PROBLEM STATEMENT:
Somewhere below, one line contains "4 Ports Hub" and a later line contains "补充说明:勾选不同客户的明细". Output those two lines and everything between them exactly, and nothing else.

DATA PROVIDED:
[Start of section]

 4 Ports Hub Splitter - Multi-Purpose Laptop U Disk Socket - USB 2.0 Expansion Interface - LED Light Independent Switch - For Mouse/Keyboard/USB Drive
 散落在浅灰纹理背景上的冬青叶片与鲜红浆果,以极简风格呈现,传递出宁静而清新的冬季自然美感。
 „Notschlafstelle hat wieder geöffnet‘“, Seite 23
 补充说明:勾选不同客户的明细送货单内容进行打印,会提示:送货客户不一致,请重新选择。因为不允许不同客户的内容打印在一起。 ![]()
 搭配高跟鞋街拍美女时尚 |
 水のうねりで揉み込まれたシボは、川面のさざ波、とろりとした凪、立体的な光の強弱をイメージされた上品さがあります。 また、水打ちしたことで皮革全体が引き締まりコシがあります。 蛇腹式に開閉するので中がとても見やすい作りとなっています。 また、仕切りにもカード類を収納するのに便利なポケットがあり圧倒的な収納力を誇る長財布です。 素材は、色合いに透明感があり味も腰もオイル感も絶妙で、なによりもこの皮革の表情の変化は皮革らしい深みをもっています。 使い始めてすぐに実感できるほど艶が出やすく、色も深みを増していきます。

[End of section]
[Start of section]

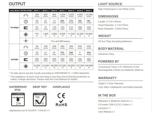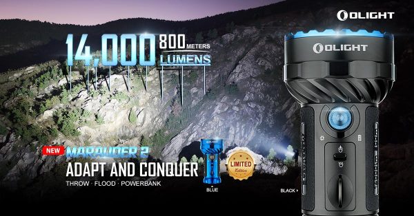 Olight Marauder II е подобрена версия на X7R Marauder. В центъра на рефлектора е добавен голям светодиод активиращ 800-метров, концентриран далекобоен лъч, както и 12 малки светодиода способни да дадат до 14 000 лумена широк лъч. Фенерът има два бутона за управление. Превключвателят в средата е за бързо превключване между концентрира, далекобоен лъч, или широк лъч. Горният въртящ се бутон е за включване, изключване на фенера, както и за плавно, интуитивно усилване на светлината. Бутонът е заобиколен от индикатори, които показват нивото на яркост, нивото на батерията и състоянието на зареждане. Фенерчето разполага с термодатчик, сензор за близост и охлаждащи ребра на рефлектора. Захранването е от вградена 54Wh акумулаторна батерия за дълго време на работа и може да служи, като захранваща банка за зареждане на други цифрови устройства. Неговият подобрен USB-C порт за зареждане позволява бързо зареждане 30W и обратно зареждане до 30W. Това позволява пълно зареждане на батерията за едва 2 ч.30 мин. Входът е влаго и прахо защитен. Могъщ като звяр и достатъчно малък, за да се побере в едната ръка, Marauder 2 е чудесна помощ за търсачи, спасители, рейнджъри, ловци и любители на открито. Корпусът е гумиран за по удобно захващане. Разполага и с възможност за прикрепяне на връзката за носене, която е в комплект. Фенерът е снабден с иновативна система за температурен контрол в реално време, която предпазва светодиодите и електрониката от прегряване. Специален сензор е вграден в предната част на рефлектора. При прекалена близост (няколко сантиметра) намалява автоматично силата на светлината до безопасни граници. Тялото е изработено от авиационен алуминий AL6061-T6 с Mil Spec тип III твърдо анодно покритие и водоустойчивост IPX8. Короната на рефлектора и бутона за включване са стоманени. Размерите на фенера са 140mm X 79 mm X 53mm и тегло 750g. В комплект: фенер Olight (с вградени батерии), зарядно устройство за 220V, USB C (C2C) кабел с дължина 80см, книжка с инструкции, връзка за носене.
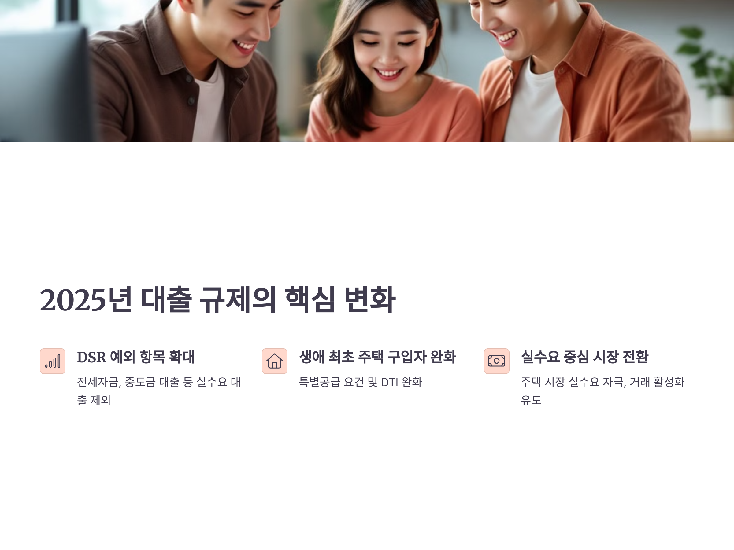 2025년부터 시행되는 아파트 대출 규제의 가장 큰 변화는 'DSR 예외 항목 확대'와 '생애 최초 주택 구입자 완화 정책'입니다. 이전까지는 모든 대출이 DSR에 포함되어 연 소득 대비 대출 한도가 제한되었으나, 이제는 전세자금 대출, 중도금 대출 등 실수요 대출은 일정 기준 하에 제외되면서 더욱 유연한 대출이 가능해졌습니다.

[End of section]
[Start of section]

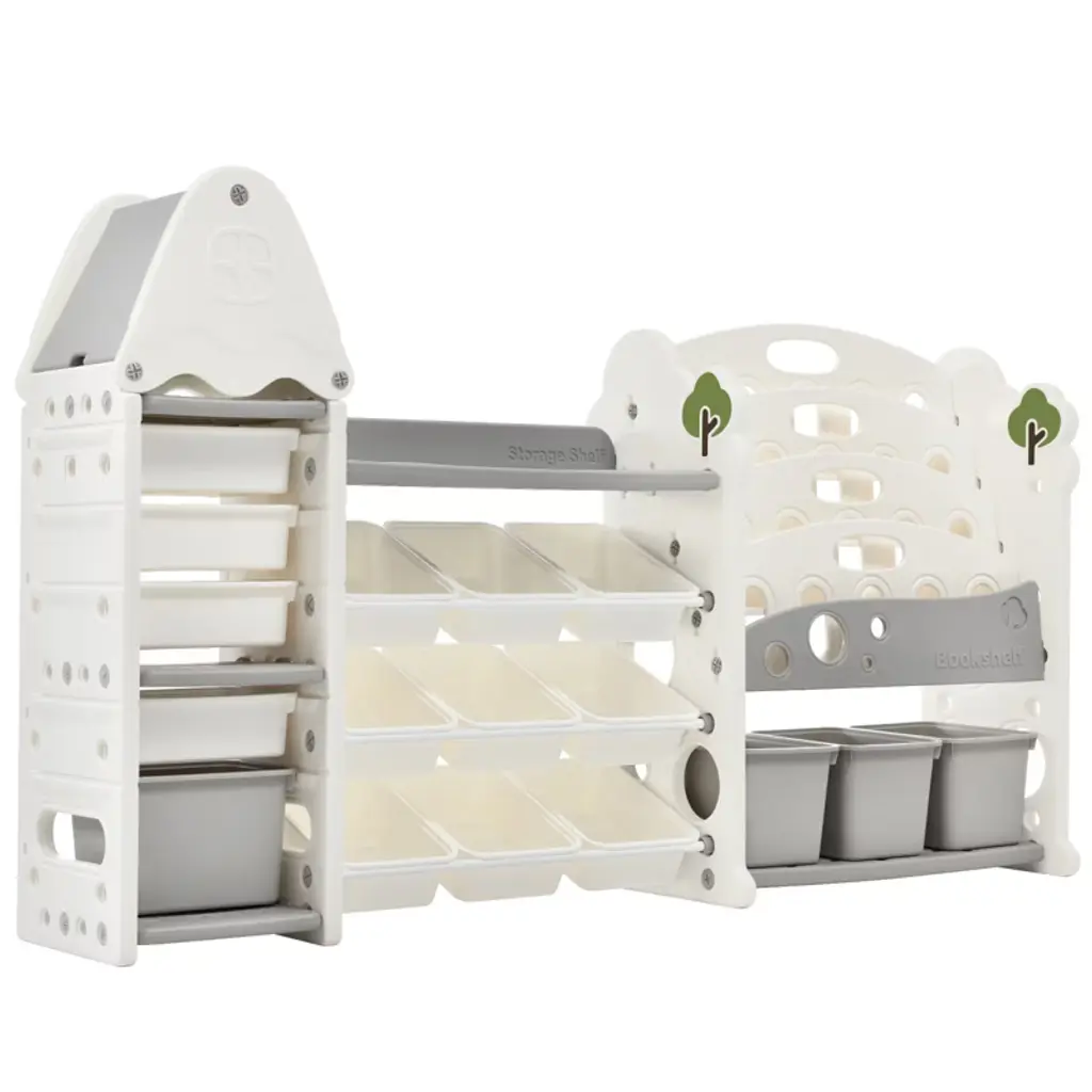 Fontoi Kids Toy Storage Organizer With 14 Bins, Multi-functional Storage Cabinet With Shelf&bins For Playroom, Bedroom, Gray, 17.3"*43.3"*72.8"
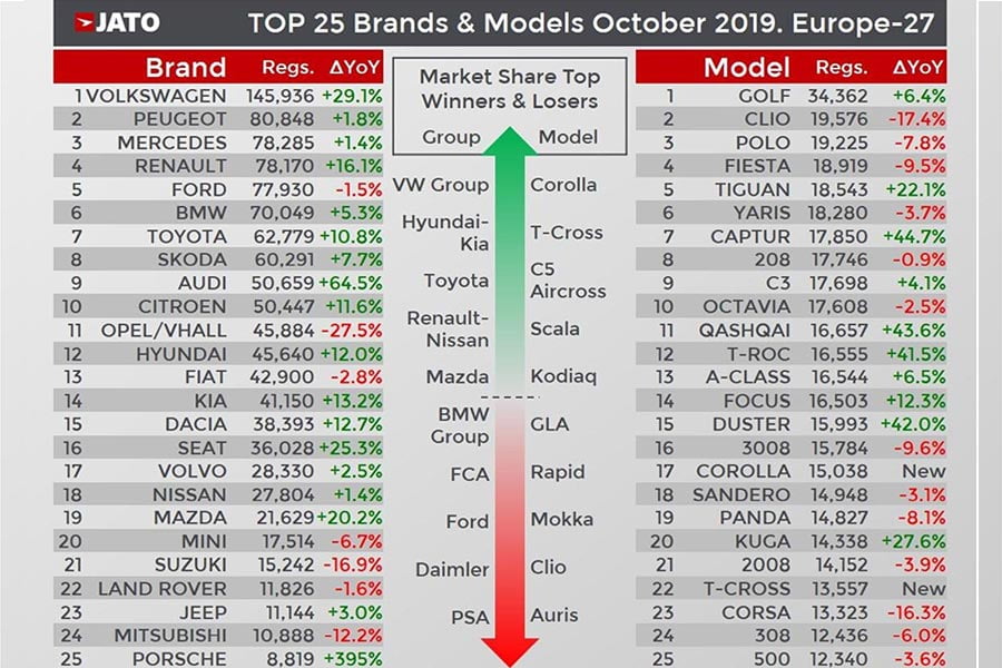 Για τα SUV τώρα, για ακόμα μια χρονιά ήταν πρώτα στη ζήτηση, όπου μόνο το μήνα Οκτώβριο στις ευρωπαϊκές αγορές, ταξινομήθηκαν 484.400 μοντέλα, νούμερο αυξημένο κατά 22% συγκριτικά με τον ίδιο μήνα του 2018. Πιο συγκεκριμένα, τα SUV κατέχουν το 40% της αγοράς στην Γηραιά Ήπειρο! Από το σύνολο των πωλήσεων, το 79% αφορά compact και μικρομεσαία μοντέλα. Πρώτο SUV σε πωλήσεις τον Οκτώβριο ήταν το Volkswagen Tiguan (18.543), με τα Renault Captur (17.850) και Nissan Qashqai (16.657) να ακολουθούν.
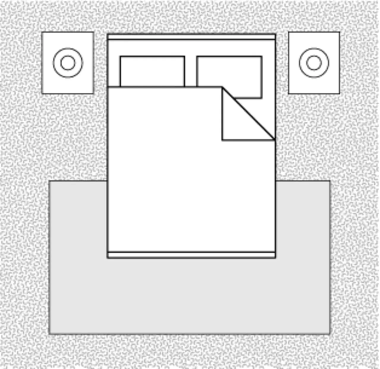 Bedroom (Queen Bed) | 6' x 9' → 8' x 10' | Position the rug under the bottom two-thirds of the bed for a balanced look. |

[End of section]

ANSWER AREA:
 4 Ports Hub Splitter - Multi-Purpose Laptop U Disk Socket - USB 2.0 Expansion Interface - LED Light Independent Switch - For Mouse/Keyboard/USB Drive
 散落在浅灰纹理背景上的冬青叶片与鲜红浆果,以极简风格呈现,传递出宁静而清新的冬季自然美感。
 „Notschlafstelle hat wieder geöffnet‘“, Seite 23
 补充说明:勾选不同客户的明细送货单内容进行打印,会提示:送货客户不一致,请重新选择。因为不允许不同客户的内容打印在一起。 ![]()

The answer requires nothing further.